Что до автора, то ведь все же просто: что-то пишешь — какой-то
один, на работу ходишь — другой, с людьми живешь — еще какой-то,
в зависимости от того, с кем. Авторы, которые со своим письмом
совпадают, это как в зоопарке. А про то, как я людей ощущаю, я,
кажется, даже текст написал. Не так, что именно про это, «Мозгва»
называется, большой. Но восприятие, это же малая часть письма.
— Ты споткнулся о слово «карта». Намедни перечитывал «Серо-Белую
книгу», которую считаю главным твоим текстом, именно потому что
в ней ты пытаешься объяснить логику и причинно-следственные связи
внутри своих отвлечённых и ассоциативных текстов. Она, как мне
показалось, построена по принципу карты или путеводителя по тому,
как ты устроен. Или ты её, всех этих «муто», «анды» и прочие термины
от балды писал, в духе энциклопедии китайского императора, вдохновившей
Фуко на «Слова и вещи»? Кстати, почему она именно таких цветов?

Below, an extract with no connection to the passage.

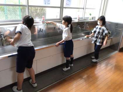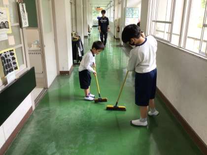 月・水・金曜日は縦割り班で掃除をします。昨日の1年生を迎える会での縦割り班で協力した経験が生きており、作業の連携ができています。1年生が初めて取り組む活動は、高学年が手本を見せてくれています。
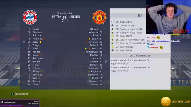 09:42:00Das Highlight des Streams ist das Champions-League-Finale gegen den FC Bayern München. Das Spiel ist intensiv und umkämpft, endet aber nach Verlängerung mit einem klaren Sieg (4:2) für die eigene Mannschaft. Spieler wie Hazard, Bale und Pogba werden als entscheidend für den Erfolg gelobt. Nach dem Titelgewurf muss durch einen Münzwurf entschieden werden, ob der Kader direkt für den nächsten Teil der FIFA-Serie qualifiziert ist.

— Серо-белая, она же... ну, не пародия, но развлечение в известном
жанре — есть же «Оранжевая книга», Раджниша. А в то время я весьма
много жил в СПб, так что — серо-белая, конечно. Какой ей там еще
быть: город цвета застывшей водки, или окаменевшей, не помню точно.
Так что это ровно не карта: там понятия никакой карты не образуют,
напротив — то, что все эти слова оказываются способными вместе
как-то держать по крайней мере текст, и предъявляет, что карты
не нужны, плохи. Более того, ну какие карты впишут в себя эти
«термины»? Это просто цыганские слова, кэлдэрарский диалект, каждое
из них означает примерно то, что оно описывает в книжке. Конечно,
это не самоописание. Если — ну уж для какой-то точности — то «самоописывался»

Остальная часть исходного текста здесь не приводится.